Any notice shall be sufficiently given when sent by certified U.S. mail,
national expenses deliver service, or facsimile to the parties at the address
below:
If to ATST:
AEGON/Transamerica Series Trust
000 Xxxxxxxx Xxxxxxx
Xx. Xxxxxxxxxx, XX 00000
Attn: Xxxx X. Xxxxxx
Telephone: (000) 000-0000
Fax: (000) 000-0000
If to the Investment Adviser:
Transamerica Fund Advisors, Inc.
000 Xxxxxxxx Xxxxxxx
Xx. Xxxxxxxxxx, XX 00000
Attn: Xxxx X. Xxxxxx
Telephone: (000) 000-0000
Fax: (000) 000-0000
If to the Sub-Adviser:
Munder Capital Management
000 Xxxxxx Xxxxxx, Xxxxx 000
Xxxxxxxxxx, XX 00000
Attn: General Counsel
Telephone: 000-000-0000
Fax: 000-000-0000
15. AMENDMENT OF AGREEMENT.
No provision of this Agreement may be changed, waived, discharged, or
terminated orally, but only by an instrument in writing signed by the party
against which enforcement of the change, waiver, discharge, or termination is
sought, and no amendment of this Agreement shall be effective until approved by
the Board and, solely to the extent required by the 1940 Act, regulations
thereunder and/or interpretations thereof, the shareholders of the Portfolio.
16. MISCELLANEOUS.
A. Governing Law. This Agreement shall be construed in accordance with the
laws of the State of Delaware without giving effect to the conflicts of laws
principles thereof, and the 1940 Act. To the extent that the applicable laws of
the State of Delaware conflict with the applicable provisions of the 1940 Act,
the latter shall control.
B. Captions. The captions contained in this Agreement are included for
convenience of reference only and in no way define or delimit any of the
provisions hereof or otherwise affect their construction or effect.
C. Entire Agreement. This Agreement represents the entire agreement and
understanding of the parties hereto and shall supersede any prior agreements
between the parties relating to the subject matter hereof, and all such prior
agreements shall be deemed terminated upon the effectiveness of this Agreement.
D. Severability. If any provision of this Agreement shall be held or made
invalid by a court decision, statute, rule or otherwise, the remainder of this
Agreement shall not be affected, and to this extent, the provisions of this
Agreement shall be deemed to be severable.
E. Definitions. Any question of interpretation of any term or provision of
this Agreement having a counterpart in or otherwise derived from a term or
provision of the 1940 Act shall be resolved by reference to such term or
provision of the 1940 Act and to authoritative interpretations thereof.

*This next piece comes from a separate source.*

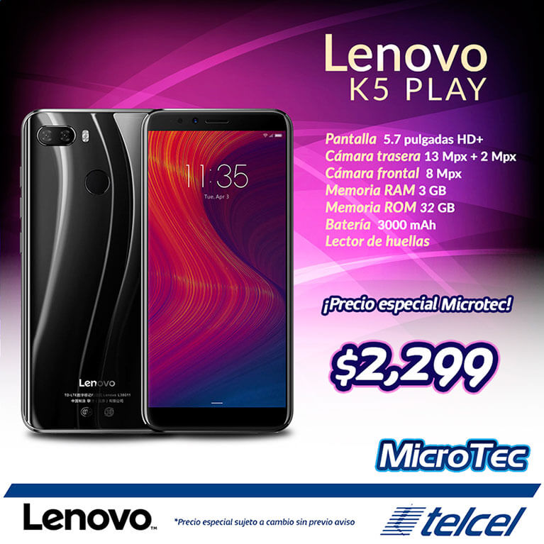 El Lenovo K5 Play es un smartphone Android con pantalla HD+ de 5.7 pulgadas, procesador Snapdragon 430 con 2GB de RAM y 16GB de almacenamiento o 3GB de RAM y 32GB de almacenamiento, cámara dual de 13 MP + 2 MP, lector de huellas y batería de 3000 mAh.

F. Confidentiality. Each party agrees that it will treat confidentially all
information provided by any other party regarding such other parties' businesses
and operations, including without limitation the investment activities or
holdings of the Portfolio. All confidential information provided by a party
hereto shall not be disclosed to any unaffiliated third party without the prior
consent of the providing party; however, the Portfolio's portfolio holdings
information may be disclosed in a manner consistent with the policies and
procedures adopted by the Board regarding its dissemination. The foregoing shall
not apply to any information that is public when provided or thereafter becomes
public through no wrongful act of the recipient or which is required to be
disclosed by any regulatory authority in the lawful and appropriate exercise of
its jurisdiction over a party, by any auditor of the parties hereto, by judicial
or administrative process or otherwise by applicable laws, rules or regulations.
G. Counterparts. This Agreement may be executed in counterparts, each of
which shall be deemed an original of the same agreement.

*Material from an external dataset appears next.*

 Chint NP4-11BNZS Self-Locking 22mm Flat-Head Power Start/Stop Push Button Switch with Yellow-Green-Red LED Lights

IN WITNESS WHEREOF, the parties hereto have caused this instrument to be
executed by their duly authorized signatories as of the date and year first
above written.
TRANSAMERICA FUND ADVISORS, INC.
By: /s/ Xxxx X. Xxxxxx
---------------------------------
Name: Xxxx X. Xxxxxx
Title: President & CEO
MUNDER CAPITAL MANAGEMENT
By: /s/ Xxxxxxx X. Xxxxxxxxxxx
---------------------------------
Name: Xxxxxxx X. Xxxxxxxxxxx
Title: Managing Director
SUB-ADVISORY AGREEMENT
SCHEDULE A
PORTFOLIO SUB-ADVISER COMPENSATION*
--------- -------------------------
MUNDER NET50 0.50% of the Portfolio's average daily
net assets
* As a percentage of average daily net assets on an annual basis.